*** Opening of Data for processing ***

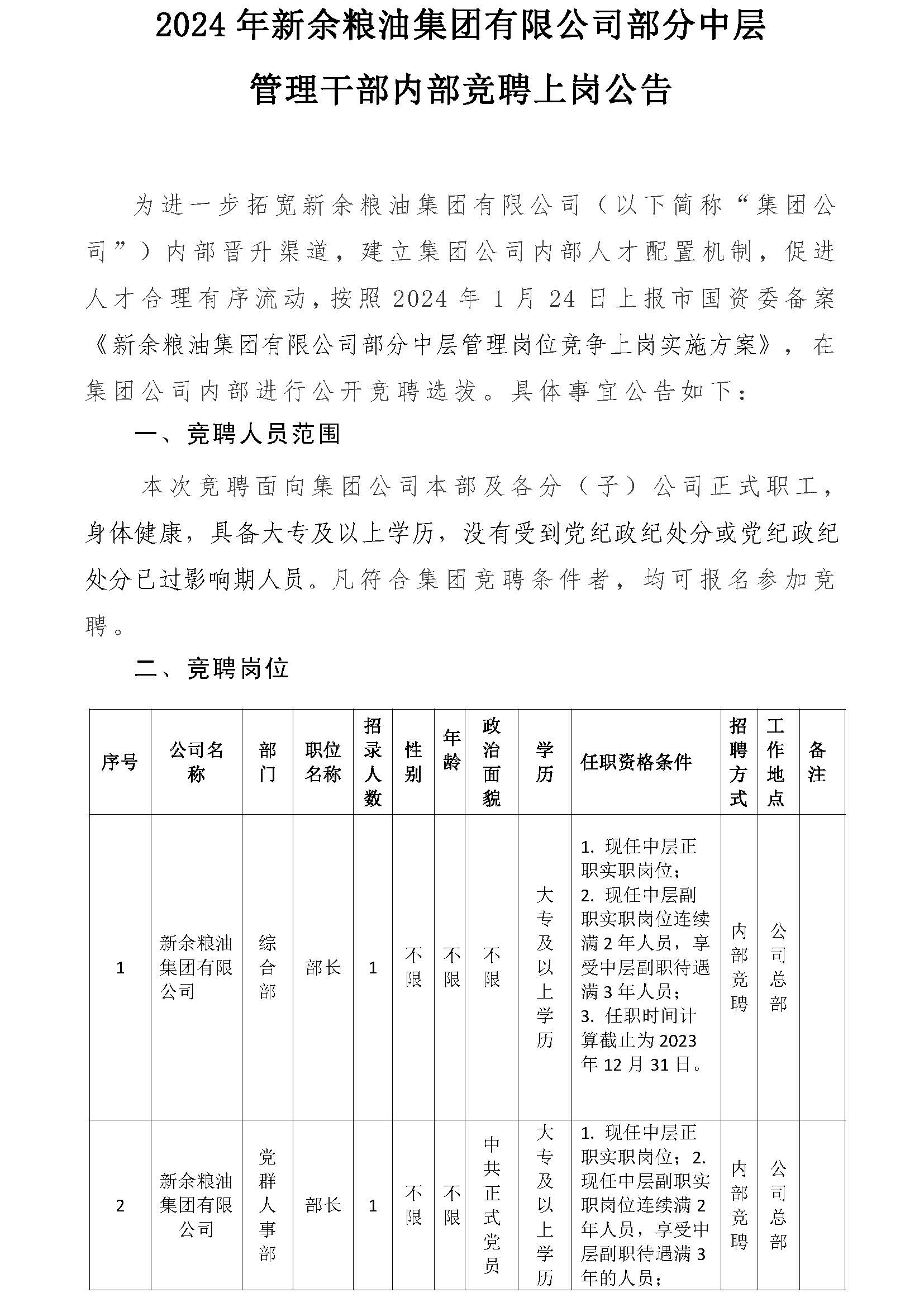 內部競聘上崗公告
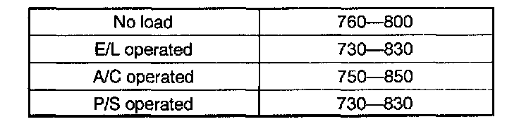 NOTE: Excludes temporary idle speed drop just after the electrical loads are turned on.
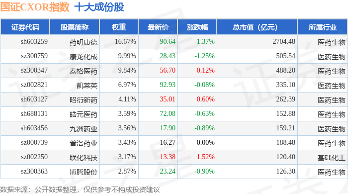 证券之星消息,12月31日,国证CXOR(98012001)指数报收于1789.94点,跌0.63%,成交90.21亿元,换手率1.54%。当日该指数成份股中,上涨的有12家,奥浦迈以1.55%的涨幅领涨,下跌的有26家,海翔药业以4.15%的跌幅领跌。
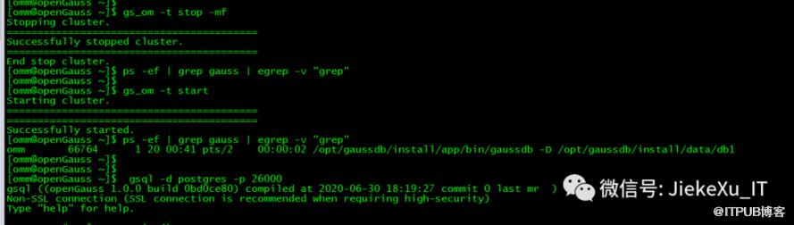 [omm@openGauss ~]$ gs_om -t stop -mfStopping cluster.=========================================Successfully stopped cluster.=========================================End stop cluster.[omm@openGauss ~]$ ps -ef | grep gauss | egrep -v "grep"[omm@openGauss ~]$[omm@openGauss ~]$ gs_om -t startStarting cluster.==================================================================================Successfully started.[omm@openGauss ~]$ ps -ef | grep gauss | egrep -v "grep"omm 66764 1 20 00:41 pts/2 00:00:02 /opt/gaussdb/install/app/bin/gaussdb -D /opt/gaussdb/install/data/db1[omm@openGauss ~]$ gsql -d postgres -p 26000gsql ((openGauss 1.0.0 build 0bd0ce80) compiled at 2020-06-30 18:19:27 commit 0 last mr )Non-SSL connection (SSL connection is recommended when requiring high-security)Type "help" for help.--使用 “gs_om -t status –detail” 命令查询 openGauss 各实例情况。[omm@openGauss ~]$ gs_om -t status --detail[ Cluster State ]cluster_state : Normalredistributing : Nocurrent_az : AZ_ALL[ Datanode State ]node node_ip instance state---------------------------------------------------------------------------------------1 openGauss 192.168.52.88 6001 /opt/gaussdb/install/data/db1 P Primary Normal
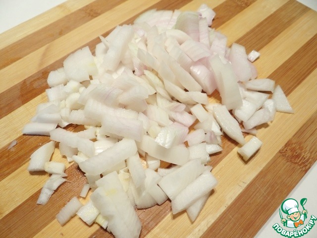 Репчатый лук чищу, мою, нарезаю на кубики.
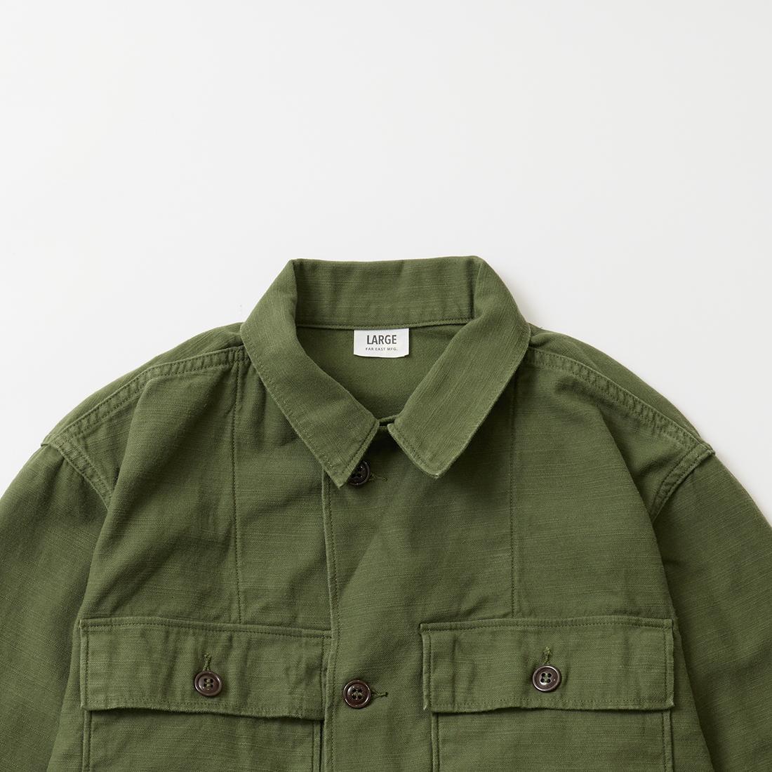 他の画像を見る ユーティリティシャツ メンズ 日本製 FAR EAST MANUFACTURING (ファー イースト マニュファクチャリング) UTILITY SHIRT BACK SATIN - OLIVE 販売価格 ¥ 27,500 税込 お気に入りに登録する
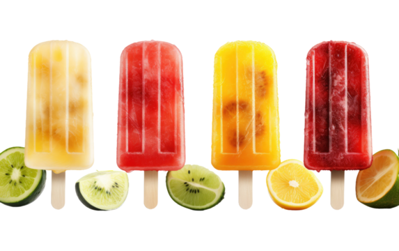 Refreshing Tropical Fruit Ice Pops on Transparent Isolated Background
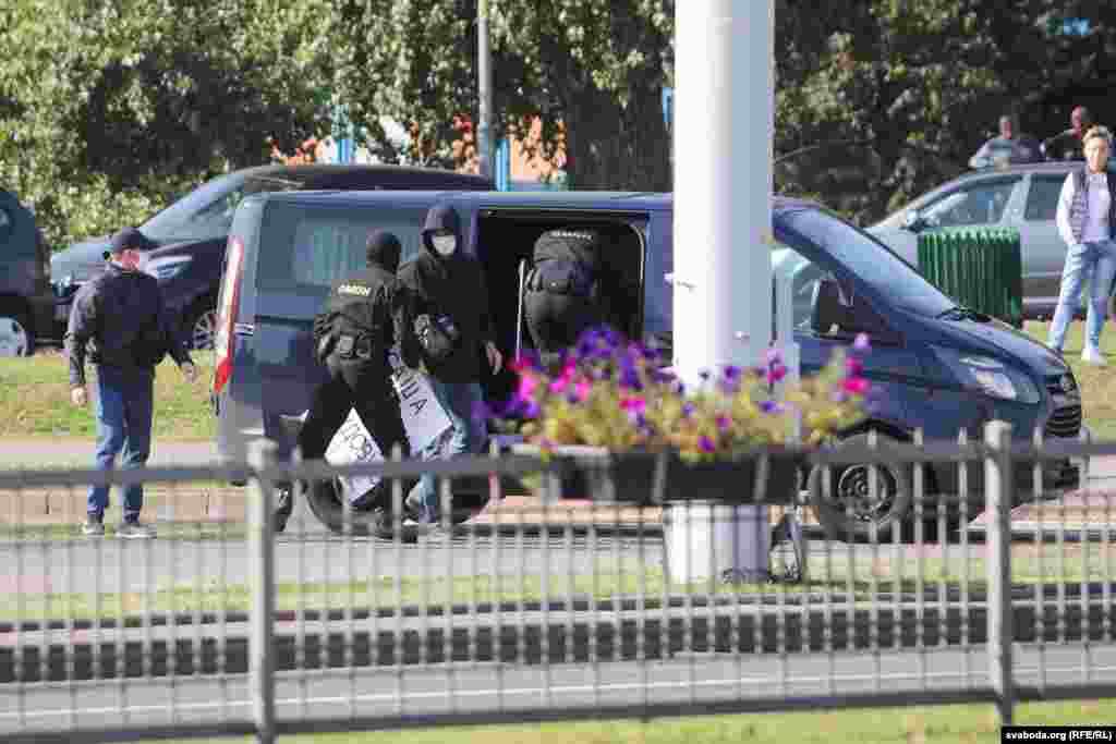 20Начальнік службы аховы Лукашэнкі Андрэй Паўлючэнка (у цэнтры) каля Палацу Незалежнасьці
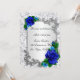 Jolies roses bleues et motif de feuille d'argent encadré. Cette belle carte de réception est prête à être personnalisée pour votre jour de mariage spécial. Personnalisez la carte en modifiant le texte dans les champs prévus au recto et au verso. Vous pouvez changer la police, la taille et la couleur, ainsi que le type et le style de papier.
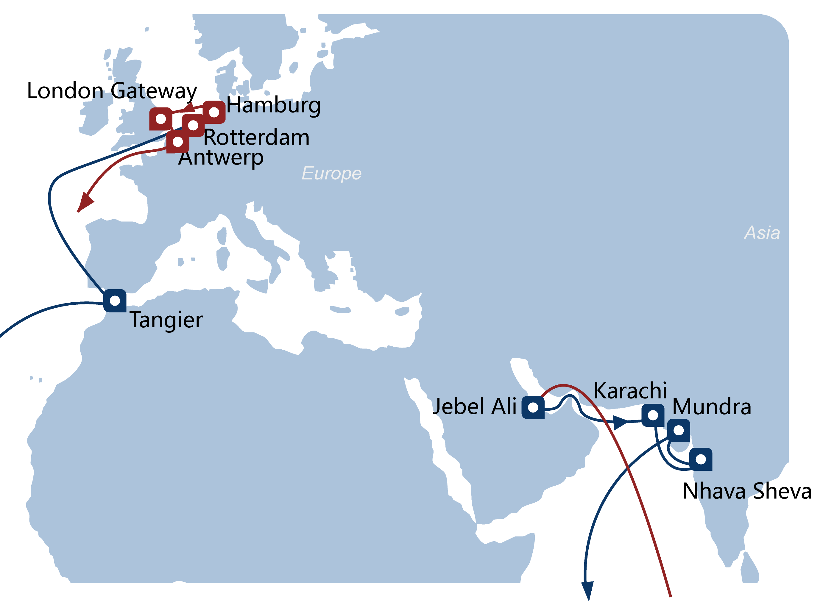 Asia-North Europe 1 Asia-North Europe 2 Asia-North Europe 3 Asia-North Europe 4 Asia-North Europe 5 Asia-North Europe 6 Asia-North Europe 7 North Europe North Africa Mediterranean Service North Europe North Africa Mediterranean Service India/Middle East-North Europe Europe Pakistan India Consortium 1 Europe Pakistan India Consortium 2 Europe Pakistan India Consortium 3 Atlantic North East Coast Service Atlantic South East Coast Service Atlantic Mexico/Gulf Coast Service Atlantic West Coast Service(Non-OA) Gateway Express 1 Gateway Express 2 Latin America/Africa-ESE2 Latin America/Africa-EWX

*** Close of Data for processing ***

*Task description*. An exact copy of the records above is needed, free of pictures.

*Task answer*.
 內部競聘上崗公告
 NOTE: Excludes temporary idle speed drop just after the electrical loads are turned on.
 证券之星消息,12月31日,国证CXOR(98012001)指数报收于1789.94点,跌0.63%,成交90.21亿元,换手率1.54%。当日该指数成份股中,上涨的有12家,奥浦迈以1.55%的涨幅领涨,下跌的有26家,海翔药业以4.15%的跌幅领跌。
 [omm@openGauss ~]$ gs_om -t stop -mfStopping cluster.=========================================Successfully stopped cluster.=========================================End stop cluster.[omm@openGauss ~]$ ps -ef | grep gauss | egrep -v "grep"[omm@openGauss ~]$[omm@openGauss ~]$ gs_om -t startStarting cluster.==================================================================================Successfully started.[omm@openGauss ~]$ ps -ef | grep gauss | egrep -v "grep"omm 66764 1 20 00:41 pts/2 00:00:02 /opt/gaussdb/install/app/bin/gaussdb -D /opt/gaussdb/install/data/db1[omm@openGauss ~]$ gsql -d postgres -p 26000gsql ((openGauss 1.0.0 build 0bd0ce80) compiled at 2020-06-30 18:19:27 commit 0 last mr )Non-SSL connection (SSL connection is recommended when requiring high-security)Type "help" for help.--使用 “gs_om -t status –detail” 命令查询 openGauss 各实例情况。[omm@openGauss ~]$ gs_om -t status --detail[ Cluster State ]cluster_state : Normalredistributing : Nocurrent_az : AZ_ALL[ Datanode State ]node node_ip instance state---------------------------------------------------------------------------------------1 openGauss 192.168.52.88 6001 /opt/gaussdb/install/data/db1 P Primary Normal
 Репчатый лук чищу, мою, нарезаю на кубики.
 他の画像を見る ユーティリティシャツ メンズ 日本製 FAR EAST MANUFACTURING (ファー イースト マニュファクチャリング) UTILITY SHIRT BACK SATIN - OLIVE 販売価格 ¥ 27,500 税込 お気に入りに登録する
 Refreshing Tropical Fruit Ice Pops on Transparent Isolated Background
 20Начальнік службы аховы Лукашэнкі Андрэй Паўлючэнка (у цэнтры) каля Палацу Незалежнасьці
 Jolies roses bleues et motif de feuille d'argent encadré. Cette belle carte de réception est prête à être personnalisée pour votre jour de mariage spécial. Personnalisez la carte en modifiant le texte dans les champs prévus au recto et au verso. Vous pouvez changer la police, la taille et la couleur, ainsi que le type et le style de papier.
 Asia-North Europe 1 Asia-North Europe 2 Asia-North Europe 3 Asia-North Europe 4 Asia-North Europe 5 Asia-North Europe 6 Asia-North Europe 7 North Europe North Africa Mediterranean Service North Europe North Africa Mediterranean Service India/Middle East-North Europe Europe Pakistan India Consortium 1 Europe Pakistan India Consortium 2 Europe Pakistan India Consortium 3 Atlantic North East Coast Service Atlantic South East Coast Service Atlantic Mexico/Gulf Coast Service Atlantic West Coast Service(Non-OA) Gateway Express 1 Gateway Express 2 Latin America/Africa-ESE2 Latin America/Africa-EWX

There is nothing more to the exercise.